During the pandemic, where would we have been without the energy to power the generators in hospitals, pumping oxygen into the lungs of the desperately sick? The plastic aprons, masks, vials and the syringes that have been used to deliver life-saving vaccines?
Yes, we must be working faster and harder to bring forward new cleaner, greener energy sources, but we must also be able to meet existing demand, using fields like Cambo and ensuring that we develop these fields in a way that dramatically reduces emissions.
With demand to ensure our energy supply and security unlikely to be met by other sources in the shortterm, and with demand for all those products I mentioned unlikely to reduce sufficiently in the nearterm, we must produce domestic hydrocarbons. The alternative is to import them at a much higher cost to the environment.
Losing out on the jobs and technological innovations which can be derived from Cambo and other fields is not only economic suicide, it will also impact on our ability to transition at scale and at pace.
Decimating a supply chain that can help deliver the energy transition at this time before the new green opportunities and jobs exist is simply cutting off our nose to spite our face. We can’t ignore the economic realities of the times as we try to rebuild from the pandemic. Not developing Cambo is not the answer.
This industry is transitioning. If people could only see the things I’m seeing – the innovation and the transformation – they’d be blown away. It’s time for government and industry to come together to appreciate this, educate the wider public and have a debate on how we use the oil and gas industry to tackle the climate emergency, rather than simply throw it all away.
Switching off oil and gas today would see the fatal erosion of our knowledge base and, one of our greatest strengths, our skilled people who develop the technology and services which are exported all over the world.

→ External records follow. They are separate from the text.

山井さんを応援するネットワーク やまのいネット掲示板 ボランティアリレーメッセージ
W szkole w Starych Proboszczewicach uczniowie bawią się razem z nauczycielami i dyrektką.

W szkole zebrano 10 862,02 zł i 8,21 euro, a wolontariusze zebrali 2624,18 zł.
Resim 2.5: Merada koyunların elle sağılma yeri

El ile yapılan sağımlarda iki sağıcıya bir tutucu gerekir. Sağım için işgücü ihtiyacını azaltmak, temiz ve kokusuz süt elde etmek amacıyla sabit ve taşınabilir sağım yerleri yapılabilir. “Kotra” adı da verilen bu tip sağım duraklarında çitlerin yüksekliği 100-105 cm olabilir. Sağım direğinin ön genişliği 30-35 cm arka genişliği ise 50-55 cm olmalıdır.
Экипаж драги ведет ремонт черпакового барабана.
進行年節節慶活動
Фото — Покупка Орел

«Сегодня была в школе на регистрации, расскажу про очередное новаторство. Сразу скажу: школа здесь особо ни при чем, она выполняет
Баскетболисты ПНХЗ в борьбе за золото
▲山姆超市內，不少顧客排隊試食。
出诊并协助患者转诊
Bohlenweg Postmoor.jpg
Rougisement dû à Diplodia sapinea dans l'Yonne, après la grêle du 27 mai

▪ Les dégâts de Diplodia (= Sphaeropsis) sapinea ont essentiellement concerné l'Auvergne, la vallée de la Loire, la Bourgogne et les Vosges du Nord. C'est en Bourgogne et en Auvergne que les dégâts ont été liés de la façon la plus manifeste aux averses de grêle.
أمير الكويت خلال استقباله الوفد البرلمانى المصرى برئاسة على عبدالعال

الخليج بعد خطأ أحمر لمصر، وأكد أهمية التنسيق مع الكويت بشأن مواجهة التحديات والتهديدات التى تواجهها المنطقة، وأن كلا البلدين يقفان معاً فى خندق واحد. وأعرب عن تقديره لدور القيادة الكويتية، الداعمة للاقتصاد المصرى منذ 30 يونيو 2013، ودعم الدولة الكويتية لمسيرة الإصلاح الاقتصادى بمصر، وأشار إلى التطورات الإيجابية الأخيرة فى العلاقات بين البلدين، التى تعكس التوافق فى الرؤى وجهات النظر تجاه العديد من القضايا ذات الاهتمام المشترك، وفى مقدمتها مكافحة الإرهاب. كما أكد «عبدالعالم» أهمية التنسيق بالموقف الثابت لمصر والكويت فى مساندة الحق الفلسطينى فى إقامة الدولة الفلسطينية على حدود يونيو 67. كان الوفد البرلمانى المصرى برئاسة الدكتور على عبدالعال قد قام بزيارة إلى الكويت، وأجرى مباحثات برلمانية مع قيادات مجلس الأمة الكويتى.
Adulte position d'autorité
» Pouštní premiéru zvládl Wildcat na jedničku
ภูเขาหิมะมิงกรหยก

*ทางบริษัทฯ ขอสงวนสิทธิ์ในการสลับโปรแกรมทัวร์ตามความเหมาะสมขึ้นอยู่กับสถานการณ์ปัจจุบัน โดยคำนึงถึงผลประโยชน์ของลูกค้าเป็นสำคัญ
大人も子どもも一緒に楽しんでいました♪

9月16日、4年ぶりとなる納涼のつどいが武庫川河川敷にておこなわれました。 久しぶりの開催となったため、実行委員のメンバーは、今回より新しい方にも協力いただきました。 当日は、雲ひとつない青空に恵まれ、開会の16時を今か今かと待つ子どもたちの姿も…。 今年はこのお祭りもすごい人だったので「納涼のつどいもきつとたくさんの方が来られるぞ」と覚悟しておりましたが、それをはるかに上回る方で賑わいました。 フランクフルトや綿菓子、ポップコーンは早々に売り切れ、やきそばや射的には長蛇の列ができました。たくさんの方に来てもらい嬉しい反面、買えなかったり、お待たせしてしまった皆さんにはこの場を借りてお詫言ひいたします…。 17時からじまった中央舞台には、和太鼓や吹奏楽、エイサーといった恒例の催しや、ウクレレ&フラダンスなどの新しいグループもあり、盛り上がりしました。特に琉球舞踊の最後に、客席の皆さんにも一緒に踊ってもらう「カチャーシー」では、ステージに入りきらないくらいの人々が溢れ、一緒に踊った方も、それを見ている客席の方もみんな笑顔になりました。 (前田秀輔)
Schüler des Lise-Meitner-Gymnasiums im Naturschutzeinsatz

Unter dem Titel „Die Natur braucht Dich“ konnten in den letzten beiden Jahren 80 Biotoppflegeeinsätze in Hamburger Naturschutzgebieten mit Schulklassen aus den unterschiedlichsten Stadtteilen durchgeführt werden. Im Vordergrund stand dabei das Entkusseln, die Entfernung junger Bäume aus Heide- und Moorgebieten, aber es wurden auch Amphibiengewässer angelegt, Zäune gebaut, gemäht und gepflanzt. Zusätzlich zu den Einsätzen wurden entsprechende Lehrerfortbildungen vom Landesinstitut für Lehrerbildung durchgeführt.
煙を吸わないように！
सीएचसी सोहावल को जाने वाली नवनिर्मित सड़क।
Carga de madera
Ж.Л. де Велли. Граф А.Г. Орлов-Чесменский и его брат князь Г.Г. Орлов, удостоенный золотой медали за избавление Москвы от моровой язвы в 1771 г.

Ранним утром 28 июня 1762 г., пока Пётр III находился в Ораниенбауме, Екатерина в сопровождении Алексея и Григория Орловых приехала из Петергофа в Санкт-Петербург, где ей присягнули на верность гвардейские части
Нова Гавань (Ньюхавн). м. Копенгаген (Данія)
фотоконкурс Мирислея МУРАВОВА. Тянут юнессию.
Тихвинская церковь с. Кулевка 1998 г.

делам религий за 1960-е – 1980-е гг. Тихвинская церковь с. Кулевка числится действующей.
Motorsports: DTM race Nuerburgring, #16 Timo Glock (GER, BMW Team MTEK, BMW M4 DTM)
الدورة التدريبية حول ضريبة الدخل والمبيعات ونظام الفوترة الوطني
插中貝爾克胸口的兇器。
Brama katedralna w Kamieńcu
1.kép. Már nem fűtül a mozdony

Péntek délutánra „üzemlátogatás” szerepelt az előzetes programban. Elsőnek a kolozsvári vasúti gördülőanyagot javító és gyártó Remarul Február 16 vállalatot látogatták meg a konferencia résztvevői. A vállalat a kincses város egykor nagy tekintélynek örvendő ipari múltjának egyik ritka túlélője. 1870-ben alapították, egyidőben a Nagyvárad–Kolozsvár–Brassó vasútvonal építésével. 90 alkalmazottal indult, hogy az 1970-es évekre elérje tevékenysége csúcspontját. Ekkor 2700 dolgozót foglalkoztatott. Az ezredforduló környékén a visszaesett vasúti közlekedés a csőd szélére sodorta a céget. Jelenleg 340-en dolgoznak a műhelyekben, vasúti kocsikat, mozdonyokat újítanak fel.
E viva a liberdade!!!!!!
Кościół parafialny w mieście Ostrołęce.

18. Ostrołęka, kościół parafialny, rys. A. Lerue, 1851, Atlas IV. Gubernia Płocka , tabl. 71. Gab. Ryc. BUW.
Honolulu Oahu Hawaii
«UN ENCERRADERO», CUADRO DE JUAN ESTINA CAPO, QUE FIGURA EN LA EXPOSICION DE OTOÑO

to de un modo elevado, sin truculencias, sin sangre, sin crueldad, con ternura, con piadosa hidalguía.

I don’t want my grandchildren to ask me why I didn’t do anything about climate change. I want them to see it was the oil and gas industry, long part of the problem, that became the solution. That through its innovation and digitalisation, it drove the energy transition.
As an industry, we’re working hard to deliver net zero and are all on board supporting the new era of energy. Just let us play our part, rather than curtail us with inaccurate rhetoric.